### Required action
Those lines of the records that contain "corner" are to be located and copied.

### Exercise data

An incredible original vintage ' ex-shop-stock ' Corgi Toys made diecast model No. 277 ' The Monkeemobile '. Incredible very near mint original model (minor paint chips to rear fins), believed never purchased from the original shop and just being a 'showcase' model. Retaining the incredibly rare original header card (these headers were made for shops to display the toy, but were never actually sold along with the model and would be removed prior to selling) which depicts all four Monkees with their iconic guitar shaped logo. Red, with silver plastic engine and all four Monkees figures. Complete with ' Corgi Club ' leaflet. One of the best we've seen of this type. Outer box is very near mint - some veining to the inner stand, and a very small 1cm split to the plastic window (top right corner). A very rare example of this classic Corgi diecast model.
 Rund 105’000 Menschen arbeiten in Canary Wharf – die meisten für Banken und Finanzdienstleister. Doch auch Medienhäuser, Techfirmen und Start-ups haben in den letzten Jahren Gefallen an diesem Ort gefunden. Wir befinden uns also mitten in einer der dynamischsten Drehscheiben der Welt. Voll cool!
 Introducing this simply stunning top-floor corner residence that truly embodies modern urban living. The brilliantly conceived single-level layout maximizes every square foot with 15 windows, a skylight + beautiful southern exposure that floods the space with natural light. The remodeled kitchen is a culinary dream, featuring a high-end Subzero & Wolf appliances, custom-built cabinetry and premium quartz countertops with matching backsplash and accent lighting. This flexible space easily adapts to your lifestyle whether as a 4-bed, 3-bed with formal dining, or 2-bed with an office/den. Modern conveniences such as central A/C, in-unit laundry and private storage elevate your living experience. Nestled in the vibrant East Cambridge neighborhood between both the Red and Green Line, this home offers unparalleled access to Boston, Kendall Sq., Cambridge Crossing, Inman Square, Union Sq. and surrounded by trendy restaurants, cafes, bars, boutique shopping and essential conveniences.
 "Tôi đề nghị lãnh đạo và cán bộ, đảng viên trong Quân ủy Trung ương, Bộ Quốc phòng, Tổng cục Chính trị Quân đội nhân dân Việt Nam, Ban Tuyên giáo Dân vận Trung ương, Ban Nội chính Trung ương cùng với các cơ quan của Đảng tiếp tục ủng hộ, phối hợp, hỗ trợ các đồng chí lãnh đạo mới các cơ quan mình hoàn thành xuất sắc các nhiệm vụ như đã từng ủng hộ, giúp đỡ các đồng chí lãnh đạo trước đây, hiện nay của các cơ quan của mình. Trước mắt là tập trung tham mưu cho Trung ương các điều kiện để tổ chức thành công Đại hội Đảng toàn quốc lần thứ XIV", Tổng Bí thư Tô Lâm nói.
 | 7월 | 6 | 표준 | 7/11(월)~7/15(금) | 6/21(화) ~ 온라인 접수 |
* * *
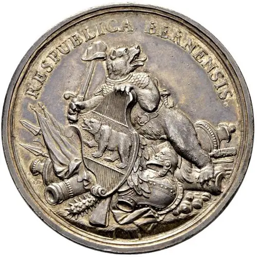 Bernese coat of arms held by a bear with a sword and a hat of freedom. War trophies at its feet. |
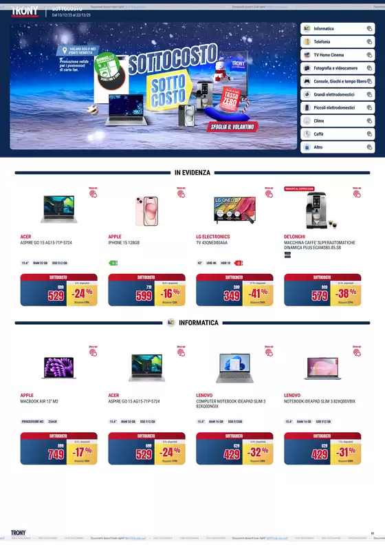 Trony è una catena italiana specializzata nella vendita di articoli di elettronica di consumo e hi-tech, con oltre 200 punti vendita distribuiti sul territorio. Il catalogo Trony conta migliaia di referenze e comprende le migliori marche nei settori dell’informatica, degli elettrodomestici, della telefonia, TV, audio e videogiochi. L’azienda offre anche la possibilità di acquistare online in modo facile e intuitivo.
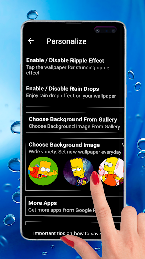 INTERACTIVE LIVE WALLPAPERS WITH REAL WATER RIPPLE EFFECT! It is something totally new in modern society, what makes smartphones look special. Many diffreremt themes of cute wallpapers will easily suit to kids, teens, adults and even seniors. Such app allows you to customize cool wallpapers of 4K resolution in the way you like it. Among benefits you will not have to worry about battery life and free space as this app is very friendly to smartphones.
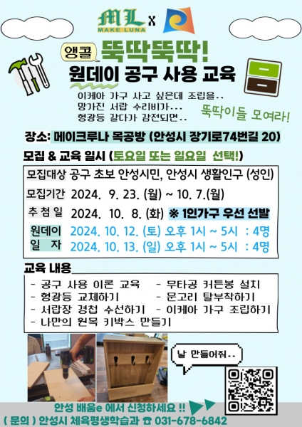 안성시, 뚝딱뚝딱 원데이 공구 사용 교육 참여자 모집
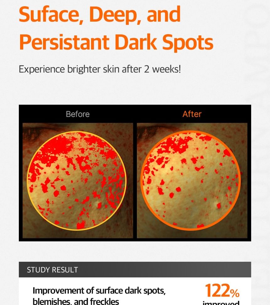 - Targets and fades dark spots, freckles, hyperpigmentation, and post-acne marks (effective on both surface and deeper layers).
---
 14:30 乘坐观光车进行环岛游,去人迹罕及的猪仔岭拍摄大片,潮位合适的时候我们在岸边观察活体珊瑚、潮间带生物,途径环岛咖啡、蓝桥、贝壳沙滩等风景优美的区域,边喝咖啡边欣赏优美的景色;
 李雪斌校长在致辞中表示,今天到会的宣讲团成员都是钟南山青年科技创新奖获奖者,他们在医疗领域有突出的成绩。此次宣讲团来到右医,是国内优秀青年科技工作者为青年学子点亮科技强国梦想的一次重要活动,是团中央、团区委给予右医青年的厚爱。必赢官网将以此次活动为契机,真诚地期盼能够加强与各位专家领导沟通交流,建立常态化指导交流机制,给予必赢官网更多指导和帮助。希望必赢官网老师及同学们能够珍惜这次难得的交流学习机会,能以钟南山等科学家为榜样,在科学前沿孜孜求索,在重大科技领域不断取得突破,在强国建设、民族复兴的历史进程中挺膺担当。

### Solution for this task
An incredible original vintage ' ex-shop-stock ' Corgi Toys made diecast model No. 277 ' The Monkeemobile '. Incredible very near mint original model (minor paint chips to rear fins), believed never purchased from the original shop and just being a 'showcase' model. Retaining the incredibly rare original header card (these headers were made for shops to display the toy, but were never actually sold along with the model and would be removed prior to selling) which depicts all four Monkees with their iconic guitar shaped logo. Red, with silver plastic engine and all four Monkees figures. Complete with ' Corgi Club ' leaflet. One of the best we've seen of this type. Outer box is very near mint - some veining to the inner stand, and a very small 1cm split to the plastic window (top right corner). A very rare example of this classic Corgi diecast model.
 Introducing this simply stunning top-floor corner residence that truly embodies modern urban living. The brilliantly conceived single-level layout maximizes every square foot with 15 windows, a skylight + beautiful southern exposure that floods the space with natural light. The remodeled kitchen is a culinary dream, featuring a high-end Subzero & Wolf appliances, custom-built cabinetry and premium quartz countertops with matching backsplash and accent lighting. This flexible space easily adapts to your lifestyle whether as a 4-bed, 3-bed with formal dining, or 2-bed with an office/den. Modern conveniences such as central A/C, in-unit laundry and private storage elevate your living experience. Nestled in the vibrant East Cambridge neighborhood between both the Red and Green Line, this home offers unparalleled access to Boston, Kendall Sq., Cambridge Crossing, Inman Square, Union Sq. and surrounded by trendy restaurants, cafes, bars, boutique shopping and essential conveniences.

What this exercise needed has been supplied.